As the earnings season winds down, I continue to be blown away by the magnitude of some of these beats, many of which are coming from AI-adjacent names that few would have expected to be headlining the cycle. While the marquee players like Nvidia ((NVDA - Free Report) ), Alphabet ((GOOGL - Free Report) ) and Meta Platforms ((META - Free Report) ) are putting up enormous numbers and pouring billions into the buildout, I am continually surprised by results from names like Dell Technologies ((DELL - Free Report) ) and Hewlett Packard ((HPE - Free Report) ), which play comparatively smaller roles in the broader tech ecosystem but are nonetheless beneficiaries of the massive buildout.

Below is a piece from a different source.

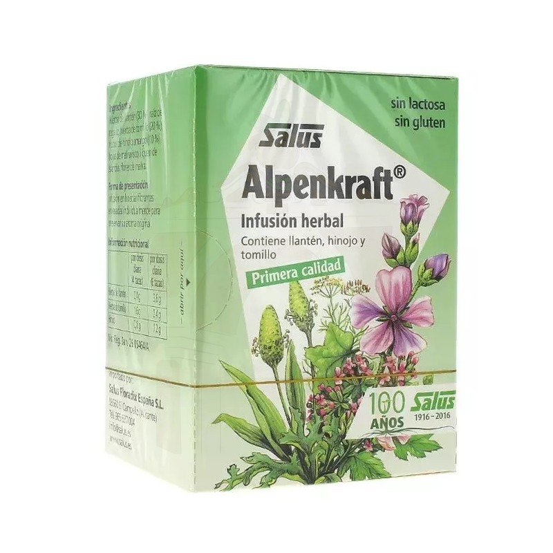 La infusión Alpenkraft está elaborada a base de llantén, tomillo, hinojo y liquen de Islandia que contribuyen a la salud de las vías respiratorias así como raíz de regaliz, malvavisco y malva.

The story of 2026 isn't simply the sheer scale of AI infrastructure spending, but how rapidly and consistently expectations continue to move higher. At the end of last year, analysts projected hyperscaler capital expenditures of roughly $600 billion for 2026, already representing an impressive 36% increase from the prior year. Following the latest earnings season, however, those estimates have been revised upward to approximately $750 billion, implying annual growth of 67%. Forecasts for 2027 are already teasing the $1 trillion level. Hyperscaler AI capex now represents approximately 2.2% of US GDP.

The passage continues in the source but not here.